Frustrated FBI investigators, like the French Sûreté before them, are lobbying to take recalcitrant suspects down to the scream-proof basement where the batteries and electrodes are kept. For the first time in American history there is a serious public campaign to justify torture in police interrogation. With the op-ed support of leading liberals like Jonathan Alter in Newsweek, the FBI wants access to methods that the Washington Post euphemistically characterized as "employed occasionally by Israeli interrogators." If US courts balk at such rough work, the alternative is to export the task to overseas professionals like the Mossad. "Another idea," the Post explained on 21 October [2001], "is extraditing the suspects to allied countries where security services sometimes employ threats to family members or resort to torture."These suggestions turn out to have been largely implemented, as we can now read in the paper every day. But rereading Davis's passage also reminds us that anyone who claims that they couldn't have known that Bush's version of the GWOT included torture as a core tactic is simply being dishonest -- either with us, or with themselves. The mainstream press--Newsweek, the Washington Post -- were discussing it right there, in the immediate wake of the bombings.
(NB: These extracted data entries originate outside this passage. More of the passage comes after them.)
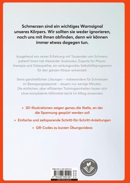 Zudem räumt Alexander Srokovskyi mit falschen Annahmen und Vorurteilen zur Gesundheit auf und erklärt auf leicht verständliche Weise und anhand vieler Patient_innenbeispiele, wie wir in Zukunft gut mit Schmerzen umgehen können. Haben wir bereits Schmerzen, zeigt er, wie sie sich durch einfache Übungen lindern lassen. Und auch wenn wir uns gut fühlen, können wir in diesem Buch viel darüber lernen, wie wir schmerzfrei bleiben. Alexander Srokovskyi zeigt, wie jede_r seine Lebensqualität verbessern kann - unabhängig vom Alter oder dem aktuellen Gesundheitszustand.
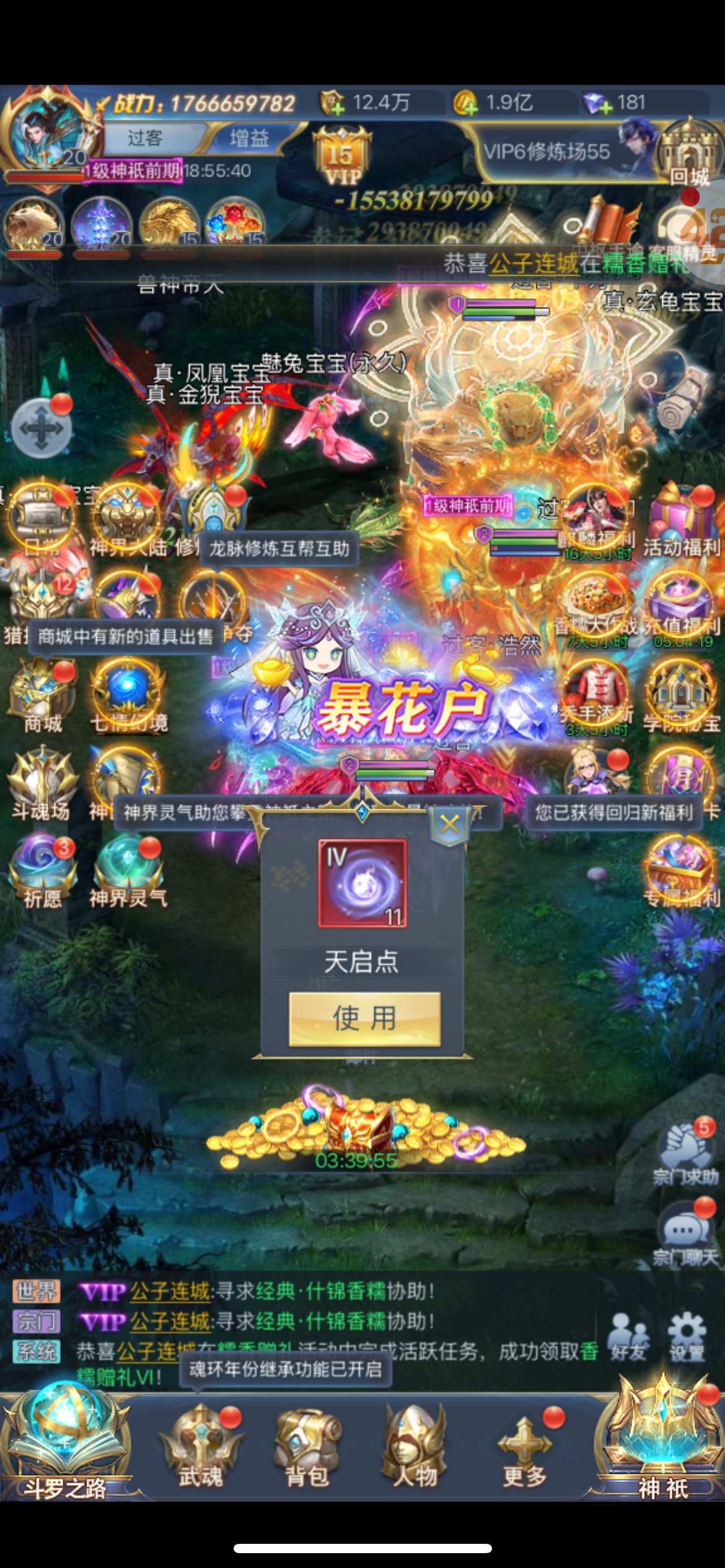 七里游戏 天使集结8服 新区开服一天 紫v8 该买的都买好了 宗一宗主 魂环第一
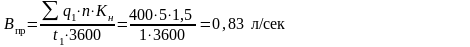 В = Впр + Вхоз + Вдуш = 0,83 + 0,028 + 0,27 = 1,13 л/сек;
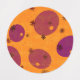 SlipperyJoe's Happy Hanukkah Jewish Hebrew jelly-filled doughnut representation Chanukah gifts decorations Judaism religion small asterisk-like symbols artistic purple orange oval shapes playful arrangement artistic abstract pattern bright background
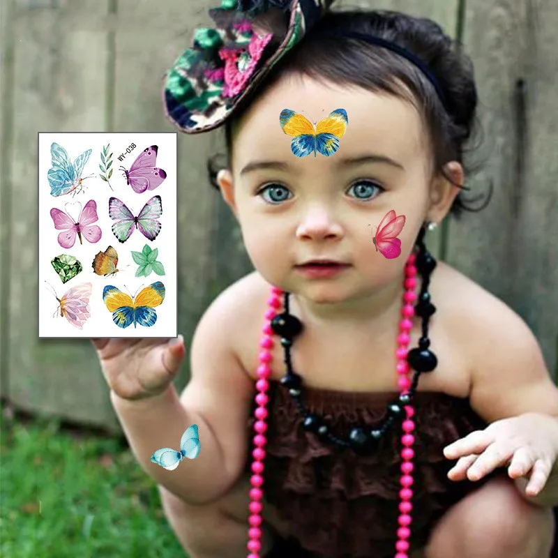 Тату-наклейки с бабочками для детей, временные искусственные татуировки, наклейки на лицо, руки, ножки для детей, боди-арт для девочек

In short, before the dust had even settled from 9-11, a debate was joined in the mainstream media about the merits of the use of torture (a debate which, incidentally, all but ignored that no amount of torture would have prevented the attacks). It was a debate that was really a litmus test concerning the American people's willingness to be ruthless with anyone even suspected of sympathizing with the 9-11 perps. While politicians for the most part avoided joining this debate, the Bushists made the shrewd political judgement that the very fact that such a debate could take place without eliciting a backlash was evidence they would be able to get away (politically speaking) with quietly giving the nod to torture. That we've all known from the beginning that torture was taking place also explains the lack of outrage (among Americans) to the ever-wider reports of the use of torture. Since we didn't react with outrage when the torture plans were first proposed, who are we to mime outrage now as we learn how it actually got implemented? In sum, Andrew Sullivan's "I'm shocked, shocked" routine just doesn't wash: we who did not voice outrage then are all complicit now -- and we know it.
Like Jefferson, I tremble for my country.